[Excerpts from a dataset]
==*==
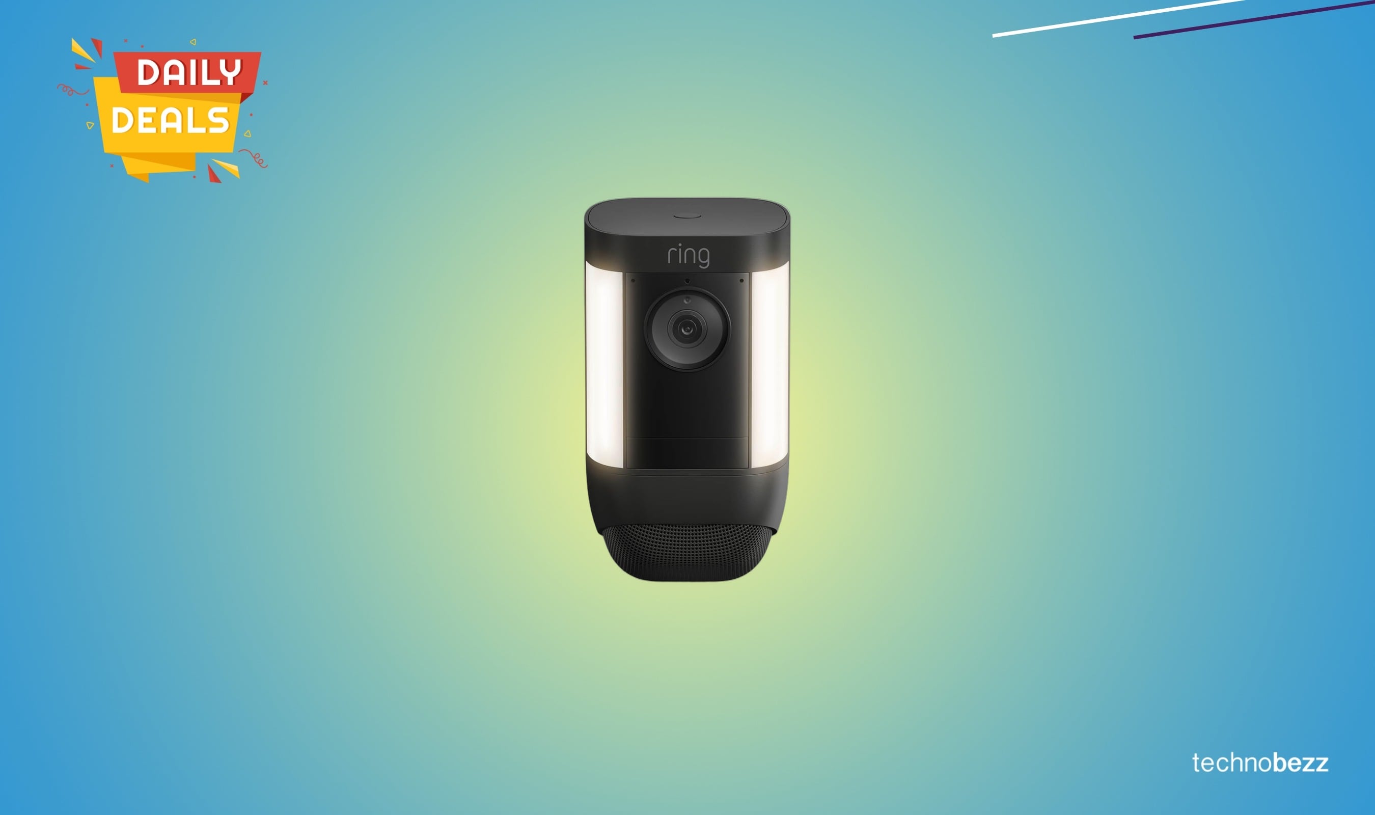 Save $33.39 on the wireless Ring Spotlight Cam Pro with 2K video, color night vision, and an extra battery pack for flexible outdoor security.
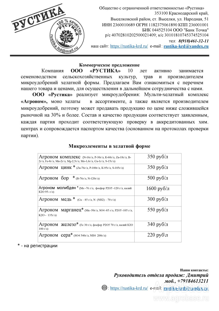 ООО «Рустика» реализует микроудобрения: Мульти-хелатный комплекс «Агроном», моно хелаты в ассортименте, а также является производителем микроудобрений, поэтому может продавать продукцию по цене ниже сложившейся рыночной на 30% и более. Состав и качество продукции соответствует заявленным, каждая партия проходит соответствующую проверку в аккредитованных хим. центрах и сопровождается паспортом качества (основанном на протоколах проверки партии).
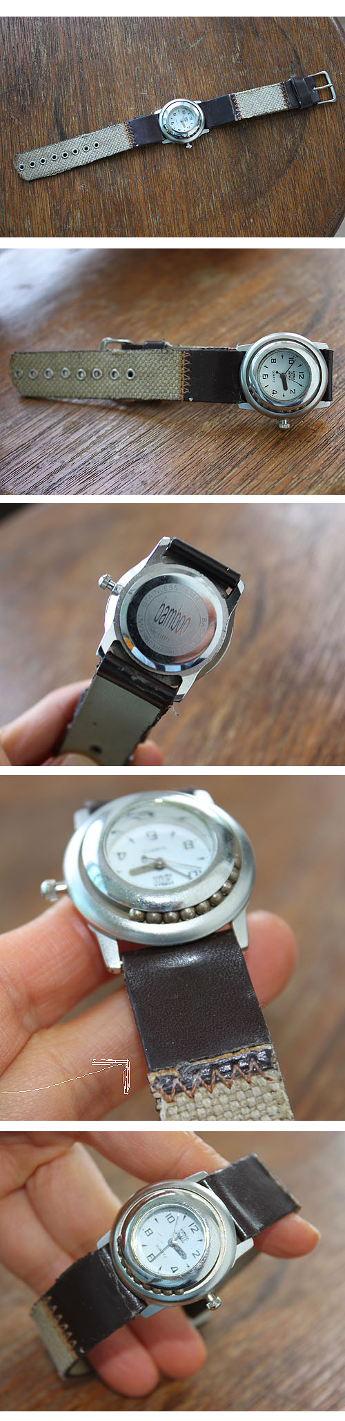 시계줄 때가 좀 탄상태입니다. 화살표 표시 부분 확인해주세요.착용엔 전혀 문제 없습니다.
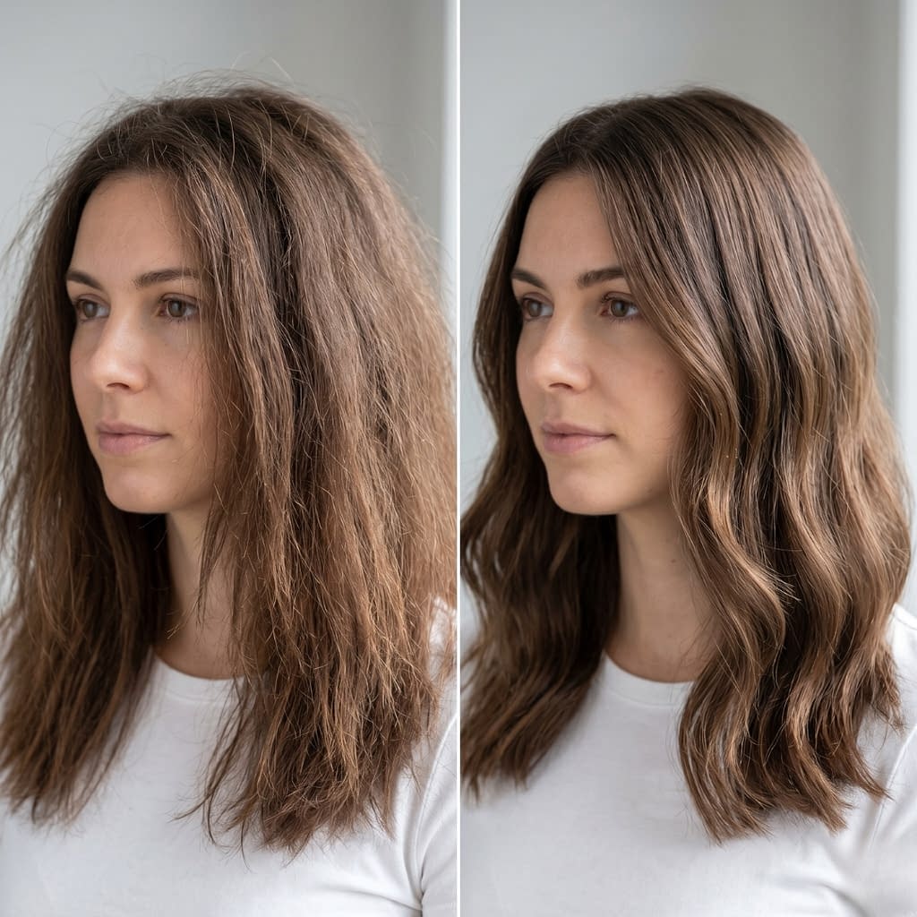 When hair loses too much moisture, it becomes less elastic and more prone to roughness. Healthy hair has enough hydration to stay flexible and smooth. Dry hair becomes stiff, brittle, and more likely to react to humidity by puffing up or frizzing.
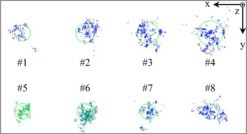 In Table 5, the information on the percentage of outliers is given. It indicates the amount of wrong localised positions of the IT. But it must be considered, that also the points inside the green circles are subject to measurement uncertainties. However, there is no observable relationship between drill hole diameter and the amount of outliers.
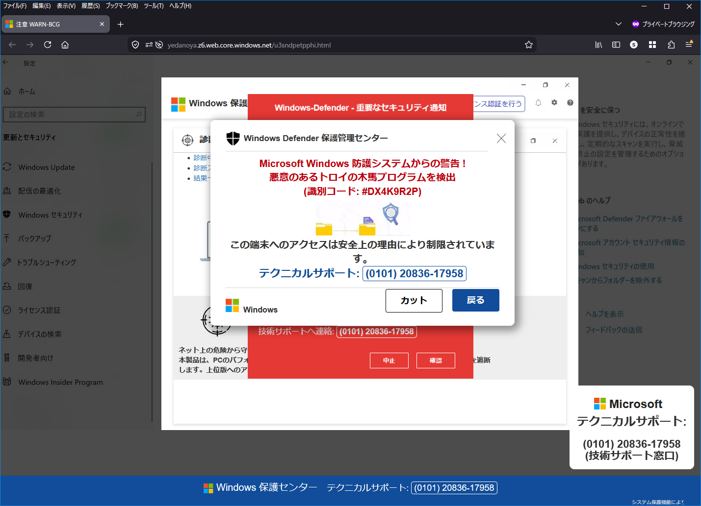 バナーをクリックすると、いつものサポート詐欺へ転送されます。 web.core.windows.net は定番ですね。
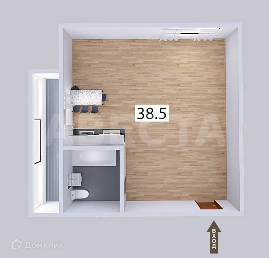 Жилая площадь 38.5 м2
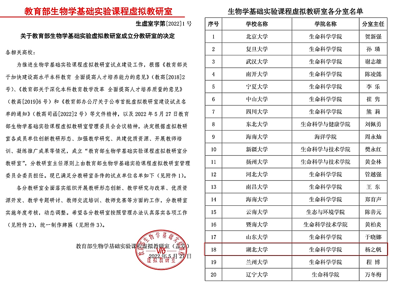 教育部下发文件《教育部办公厅关于公布首批虚拟教研室建设试点名单的通知》(教高厅函〔2022〕2号),公布了首批虚拟教研室建设试点名单。根据名单,教育部首批建设课程(群)教学类虚拟教研室237个、专业建设类虚拟教研室137个、教学研究改革专题类虚拟教研室65个。由吉林大学牵头联合国内53所高校和高等教育出版社共建的“生物学基础实验课程虚拟教研室”位列其中。
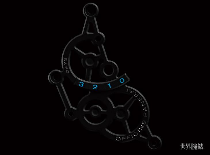 想降低机芯对润滑的需求有几种不同的途径,沛纳海着眼的基本上就是强化零件的硬度,让零件间即使有摩擦也不易产生耗损。针对一枚机芯需要强化的各部零件,沛纳海分别提出不同解决方案,其中夹板部分使用一种以鉭金属为基础的陶瓷,这种素材当中含有高比例的碳,特性是摩擦系数极低,甚至强过一般轴承使用的红宝石,因此夹板索性放弃了宝石轴承,原本表桥上应该要装宝石的位置变成了实心的板材,让夹板直接接触齿轮轴。
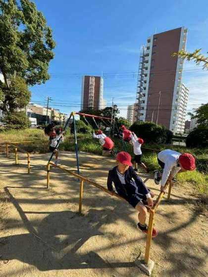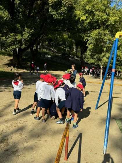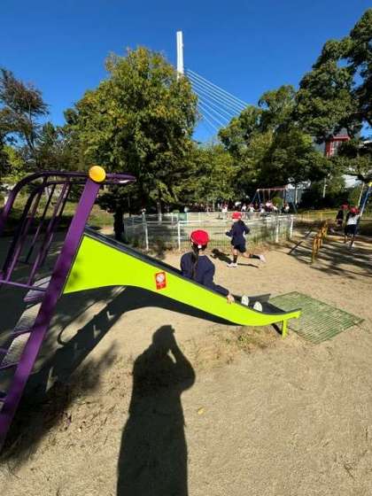 天保山への登山後、近くの公園で自由時間。遊具で遊んだり、鬼ごっこをしたり、虫を探したりなど、楽しい時間を過ごしました。
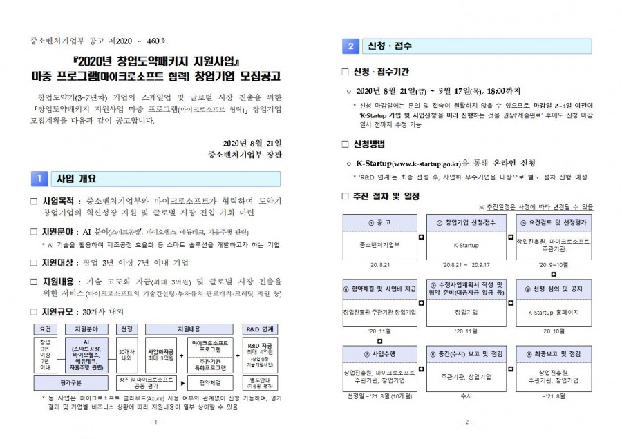 『2020년 창업도약패키지 지원사업』 마중 프로그램(마이크로소프트 협력) 창업기업 모집공고
==*==
TASK DIRECTIONS:
Go to the line that contains "When hair loses" and copy exactly from there through the last line of the records above, both included. Omit pictures.

THE ANSWER:
 When hair loses too much moisture, it becomes less elastic and more prone to roughness. Healthy hair has enough hydration to stay flexible and smooth. Dry hair becomes stiff, brittle, and more likely to react to humidity by puffing up or frizzing.
 In Table 5, the information on the percentage of outliers is given. It indicates the amount of wrong localised positions of the IT. But it must be considered, that also the points inside the green circles are subject to measurement uncertainties. However, there is no observable relationship between drill hole diameter and the amount of outliers.
 バナーをクリックすると、いつものサポート詐欺へ転送されます。 web.core.windows.net は定番ですね。
 Жилая площадь 38.5 м2
 教育部下发文件《教育部办公厅关于公布首批虚拟教研室建设试点名单的通知》(教高厅函〔2022〕2号),公布了首批虚拟教研室建设试点名单。根据名单,教育部首批建设课程(群)教学类虚拟教研室237个、专业建设类虚拟教研室137个、教学研究改革专题类虚拟教研室65个。由吉林大学牵头联合国内53所高校和高等教育出版社共建的“生物学基础实验课程虚拟教研室”位列其中。
 想降低机芯对润滑的需求有几种不同的途径,沛纳海着眼的基本上就是强化零件的硬度,让零件间即使有摩擦也不易产生耗损。针对一枚机芯需要强化的各部零件,沛纳海分别提出不同解决方案,其中夹板部分使用一种以鉭金属为基础的陶瓷,这种素材当中含有高比例的碳,特性是摩擦系数极低,甚至强过一般轴承使用的红宝石,因此夹板索性放弃了宝石轴承,原本表桥上应该要装宝石的位置变成了实心的板材,让夹板直接接触齿轮轴。
 天保山への登山後、近くの公園で自由時間。遊具で遊んだり、鬼ごっこをしたり、虫を探したりなど、楽しい時間を過ごしました。
 『2020년 창업도약패키지 지원사업』 마중 프로그램(마이크로소프트 협력) 창업기업 모집공고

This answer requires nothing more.